■ **Work to be completed**: A verbatim copy is needed of the lines below from the one containing "معلومات الملف: الصف" up to and including the one containing "En ese tramo", excluding pictures.

■ **Supplied data**:

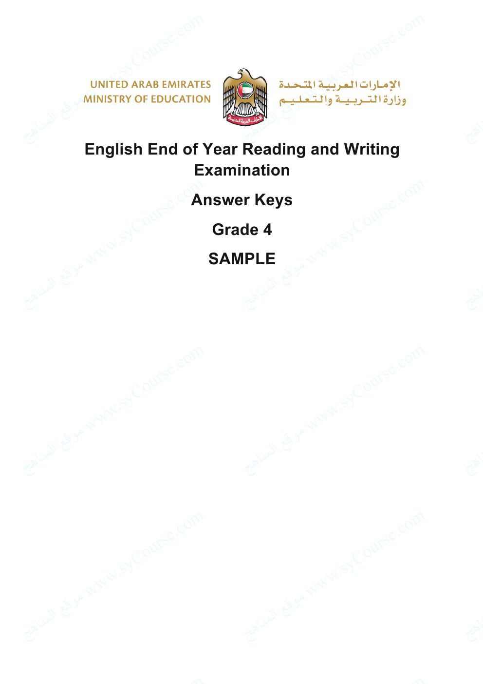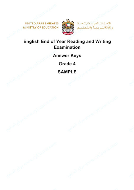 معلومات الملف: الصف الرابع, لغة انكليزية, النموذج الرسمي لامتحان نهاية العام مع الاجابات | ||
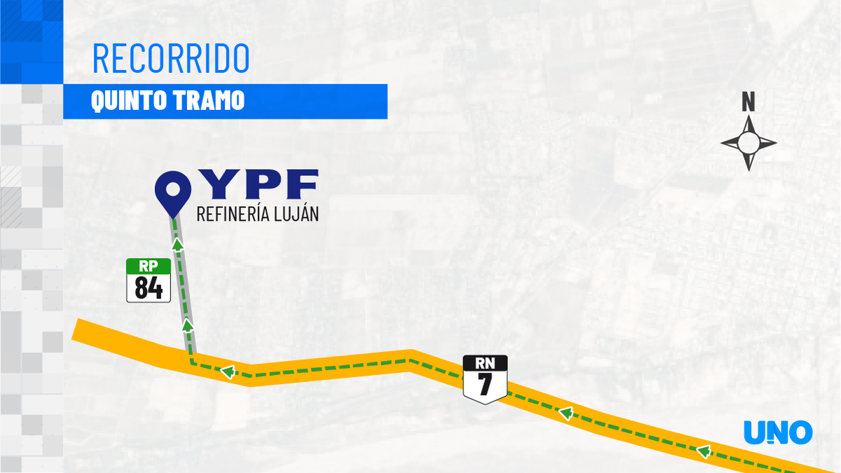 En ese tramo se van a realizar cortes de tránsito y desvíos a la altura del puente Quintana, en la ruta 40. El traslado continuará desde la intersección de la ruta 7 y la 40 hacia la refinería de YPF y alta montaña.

---

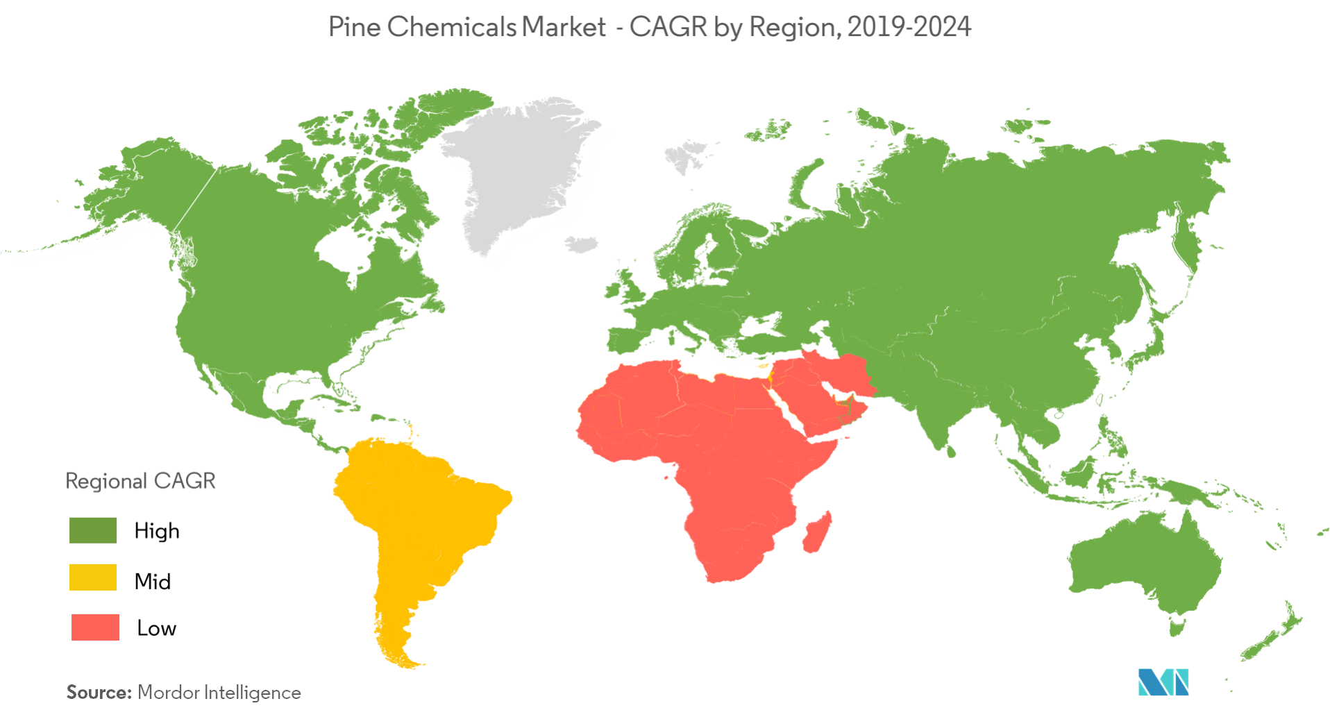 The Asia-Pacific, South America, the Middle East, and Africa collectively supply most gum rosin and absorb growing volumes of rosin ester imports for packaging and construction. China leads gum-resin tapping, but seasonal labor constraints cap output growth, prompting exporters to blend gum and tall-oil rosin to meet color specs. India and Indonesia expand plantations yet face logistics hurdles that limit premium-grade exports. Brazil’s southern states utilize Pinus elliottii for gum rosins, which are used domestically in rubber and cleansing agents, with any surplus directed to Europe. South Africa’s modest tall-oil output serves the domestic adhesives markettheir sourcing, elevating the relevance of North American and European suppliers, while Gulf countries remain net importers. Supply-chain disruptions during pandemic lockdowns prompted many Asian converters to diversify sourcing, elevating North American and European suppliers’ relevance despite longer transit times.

■ **Finished exercise**:
 معلومات الملف: الصف الرابع, لغة انكليزية, النموذج الرسمي لامتحان نهاية العام مع الاجابات | ||
 En ese tramo se van a realizar cortes de tránsito y desvíos a la altura del puente Quintana, en la ruta 40. El traslado continuará desde la intersección de la ruta 7 y la 40 hacia la refinería de YPF y alta montaña.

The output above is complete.